I just bought a Blackhawk Serpa holster for my G21. The tension screw is as loose as it gets. Any suggestions on speeding up the break-in process? The holster is still a little tight.


----------



## Mike Barham (Mar 30, 2006)

Plastic holsters don't really "break in" like a leather holster. They pretty much are what they are. You might try some silicone in the holster. A good way to do this is to get a silicone-impregnated gun cleaning cloth and run it through the holster a few times.


----------



## bluehandgun (Jul 13, 2007)

speaking of plastic holsters. does anyone have a 5.11 blade-tech? how is it?


----------



## brifol6111 (May 6, 2008)

I have 2 Blackhawk Serpa's, one for a SIG 226 and another for my 1911 Kimber. The 1911 holster was tight for the first day or 2 but it loosened up as I did my refresh draws from the new holster.

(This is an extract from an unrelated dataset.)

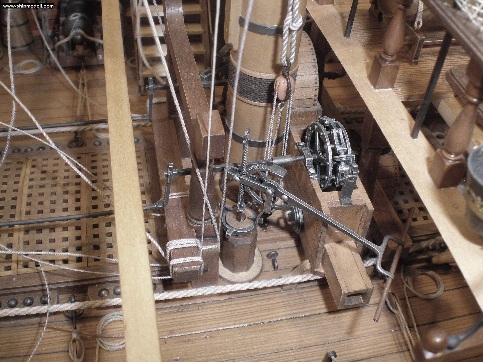 Перед грот-мачтой расположены плунжерные помпы, так же известные, как "помпы из вяза". Это довольно старая конструкция, но просуществовала довольно долго после появления более современных кеттенс-помп ("цепных помп"). Даже после введения кеттенс-помп, вязовые помпы оставляли для удобства подачи воды для хоз. нужд, чаще всего - драить палубу, тушить лёгкие возгорания, и тд. Одна и та же вязовая помпа могла подавать воду на разные палубы (не одновременно), что выгодно отличало их от кеттенс-помп с единственным сливом на гондеке.

If you keep working at it, it should clean up and run smooth.


----------



## Mike Barham (Mar 30, 2006)

These Serpas must have a lot of molding flashes in them, which need to wear away. The one I took to Afghanistan was fine, though.


----------



## submoa (Dec 16, 2007)

Check to make sure you have the right Serpa for the G21. G21 is a lot thicker than other Glocks.


----------



## 95_alum (Apr 17, 2008)

Okay, I'll try the silicone-impregnated gun cleaning cloth this weekend. Thanks for the input all.


----------